Eddins Donnie, Sproul Adrian D, Lyford Lisa K, McLaughlin James T, Rosenberg Robert L
Department of Pharmacology, University of North Carolina at Chapel Hill, Chapel Hill, North Carolina 27599, USA.
Am J Physiol Cell Physiol. 2002 Nov;283(5):C1454-60. doi: 10.1152/ajpcell.00204.2002.
Neuronal alpha7 nicotinic ACh receptors (nAChRs) are permeable to and modulated by Ca2+, Ba2+, and Sr2+. These permeant divalent cations interact with slowly desensitizing L247T alpha7 nAChRs to increase the potency and maximal efficacy of ACh, increase the efficacy of dihydro-beta-erythroidine (DHbetaE), and increase agonist-independent activity. Mutation of glutamate 172 (E172) to glutamine or cysteine eliminated these effects of permeant divalent cations. 2-(Trimethylammonium)ethyl methanethiosulfonate (MTSET), a cysteine-modifying reagent directed at water-accessible thiols, inhibited ACh-evoked currents of E172C/L247T alpha7 nAChRs by >90%, demonstrating that E172 was accessible to permeant ions. The data are consistent with a model of alpha7 receptors, derived from the crystal structure of the ACh binding protein (AChBP) from Lymnaea stagnalis, in which E172 projects toward the lumen of the extracellular vestibule. The observations that E172 was essential for divalent cation modulation of L247T alpha7 nAChRs and was accessible to permeating ions suggest that this residue participates in coupling ion permeation with modulation of receptor activity.
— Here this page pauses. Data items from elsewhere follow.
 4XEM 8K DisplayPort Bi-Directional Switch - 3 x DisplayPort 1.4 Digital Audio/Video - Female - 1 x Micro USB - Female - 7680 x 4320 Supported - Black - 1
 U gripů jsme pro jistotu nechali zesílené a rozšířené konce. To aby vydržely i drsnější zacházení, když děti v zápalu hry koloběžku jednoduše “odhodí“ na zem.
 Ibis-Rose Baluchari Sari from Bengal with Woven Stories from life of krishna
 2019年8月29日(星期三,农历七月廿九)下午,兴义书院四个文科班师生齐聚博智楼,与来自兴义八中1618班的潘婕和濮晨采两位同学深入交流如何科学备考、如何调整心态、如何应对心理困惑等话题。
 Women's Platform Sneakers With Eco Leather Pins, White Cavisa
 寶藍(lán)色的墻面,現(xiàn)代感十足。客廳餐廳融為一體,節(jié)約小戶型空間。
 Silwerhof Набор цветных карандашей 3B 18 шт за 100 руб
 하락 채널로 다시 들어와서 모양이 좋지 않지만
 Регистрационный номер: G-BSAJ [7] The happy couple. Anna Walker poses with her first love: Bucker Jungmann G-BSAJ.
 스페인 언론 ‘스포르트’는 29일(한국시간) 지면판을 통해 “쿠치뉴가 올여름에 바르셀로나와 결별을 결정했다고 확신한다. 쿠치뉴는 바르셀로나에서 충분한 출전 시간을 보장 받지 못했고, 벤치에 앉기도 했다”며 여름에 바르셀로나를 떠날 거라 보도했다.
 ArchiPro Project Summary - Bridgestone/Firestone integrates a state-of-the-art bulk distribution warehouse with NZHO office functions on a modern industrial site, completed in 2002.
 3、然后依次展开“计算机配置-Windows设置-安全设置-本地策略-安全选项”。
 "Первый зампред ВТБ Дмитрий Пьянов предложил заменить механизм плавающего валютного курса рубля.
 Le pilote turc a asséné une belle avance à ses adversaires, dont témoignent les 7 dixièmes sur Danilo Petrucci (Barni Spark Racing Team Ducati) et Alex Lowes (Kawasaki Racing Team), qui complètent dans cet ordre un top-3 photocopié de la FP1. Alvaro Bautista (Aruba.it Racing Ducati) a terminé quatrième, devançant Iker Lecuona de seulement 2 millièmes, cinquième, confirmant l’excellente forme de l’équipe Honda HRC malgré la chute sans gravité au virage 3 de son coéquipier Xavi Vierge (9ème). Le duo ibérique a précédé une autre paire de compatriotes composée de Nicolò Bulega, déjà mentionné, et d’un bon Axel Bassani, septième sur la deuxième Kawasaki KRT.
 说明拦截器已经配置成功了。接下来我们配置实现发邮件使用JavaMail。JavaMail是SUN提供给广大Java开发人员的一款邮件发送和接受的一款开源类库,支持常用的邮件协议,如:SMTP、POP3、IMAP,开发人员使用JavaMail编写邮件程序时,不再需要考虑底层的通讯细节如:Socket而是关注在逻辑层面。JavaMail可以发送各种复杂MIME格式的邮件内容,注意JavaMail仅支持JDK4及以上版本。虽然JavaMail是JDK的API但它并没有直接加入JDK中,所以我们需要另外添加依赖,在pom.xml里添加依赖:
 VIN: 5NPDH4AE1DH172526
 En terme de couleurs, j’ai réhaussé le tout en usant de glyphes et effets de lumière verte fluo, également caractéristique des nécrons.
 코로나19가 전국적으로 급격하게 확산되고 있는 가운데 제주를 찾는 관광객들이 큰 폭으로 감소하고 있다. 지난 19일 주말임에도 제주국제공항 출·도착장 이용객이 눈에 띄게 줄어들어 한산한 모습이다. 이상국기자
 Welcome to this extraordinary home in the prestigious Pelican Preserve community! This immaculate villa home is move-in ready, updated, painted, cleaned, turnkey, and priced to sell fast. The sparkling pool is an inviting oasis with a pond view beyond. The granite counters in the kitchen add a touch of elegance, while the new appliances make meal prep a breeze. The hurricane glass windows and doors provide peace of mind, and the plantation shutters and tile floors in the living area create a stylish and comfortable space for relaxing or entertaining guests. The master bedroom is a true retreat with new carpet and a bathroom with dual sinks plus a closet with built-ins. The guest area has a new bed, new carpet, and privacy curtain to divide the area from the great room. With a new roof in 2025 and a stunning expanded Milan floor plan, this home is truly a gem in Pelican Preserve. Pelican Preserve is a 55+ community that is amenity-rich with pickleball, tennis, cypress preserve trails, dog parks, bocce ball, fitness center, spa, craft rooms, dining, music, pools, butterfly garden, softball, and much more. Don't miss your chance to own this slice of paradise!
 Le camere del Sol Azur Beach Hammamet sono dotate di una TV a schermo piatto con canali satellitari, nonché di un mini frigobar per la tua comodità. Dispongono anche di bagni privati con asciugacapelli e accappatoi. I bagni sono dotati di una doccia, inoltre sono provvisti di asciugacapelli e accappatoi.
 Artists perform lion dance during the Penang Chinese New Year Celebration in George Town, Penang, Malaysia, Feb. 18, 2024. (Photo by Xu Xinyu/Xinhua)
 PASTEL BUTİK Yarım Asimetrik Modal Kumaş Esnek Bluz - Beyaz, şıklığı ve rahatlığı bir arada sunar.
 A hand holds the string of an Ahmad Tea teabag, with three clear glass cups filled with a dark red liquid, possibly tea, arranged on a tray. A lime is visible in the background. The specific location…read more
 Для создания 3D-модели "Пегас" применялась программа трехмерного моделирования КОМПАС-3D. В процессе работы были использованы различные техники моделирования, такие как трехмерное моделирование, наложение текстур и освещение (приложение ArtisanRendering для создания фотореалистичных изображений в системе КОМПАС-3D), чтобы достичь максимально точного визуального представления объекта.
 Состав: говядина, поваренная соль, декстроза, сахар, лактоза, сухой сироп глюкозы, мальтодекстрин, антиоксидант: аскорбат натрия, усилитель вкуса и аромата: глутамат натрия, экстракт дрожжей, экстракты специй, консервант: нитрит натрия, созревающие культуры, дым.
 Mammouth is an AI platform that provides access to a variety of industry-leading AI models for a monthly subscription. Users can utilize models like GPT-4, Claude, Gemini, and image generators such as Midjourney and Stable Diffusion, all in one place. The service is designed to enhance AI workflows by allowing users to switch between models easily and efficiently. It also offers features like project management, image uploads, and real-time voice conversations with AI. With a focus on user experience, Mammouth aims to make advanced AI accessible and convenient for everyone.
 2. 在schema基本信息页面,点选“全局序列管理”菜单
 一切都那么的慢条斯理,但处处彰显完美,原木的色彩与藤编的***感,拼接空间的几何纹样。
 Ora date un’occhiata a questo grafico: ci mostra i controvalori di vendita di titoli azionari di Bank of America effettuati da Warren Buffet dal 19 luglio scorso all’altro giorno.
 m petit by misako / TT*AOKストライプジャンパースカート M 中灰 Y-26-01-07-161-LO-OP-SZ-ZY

神经元α7烟碱型乙酰胆碱受体(nAChRs)可通透Ca2+、Ba2+和Sr2+并受其调节。这些可通透的二价阳离子与缓慢脱敏的L247Tα7 nAChRs相互作用,以提高乙酰胆碱的效力和最大效能,提高二氢β-刺桐啶(DHbetaE)的效能,并增加非激动剂依赖性活性。将谷氨酸172(E172)突变为谷氨酰胺或半胱氨酸可消除这些可通透二价阳离子的作用。2-(三甲铵)乙基甲硫代磺酸盐(MTSET)是一种针对可接触水的硫醇的半胱氨酸修饰试剂,可抑制E172C/L247Tα7 nAChRs的乙酰胆碱诱发电流达90%以上,表明E172可被可通透离子接触。这些数据与源自椎实螺乙酰胆碱结合蛋白(AChBP)晶体结构的α7受体模型一致,其中E172朝向细胞外前庭腔投射。E172对L247Tα7 nAChRs的二价阳离子调节至关重要且可被渗透离子接触这一观察结果表明,该残基参与将离子通透与受体活性调节相偶联。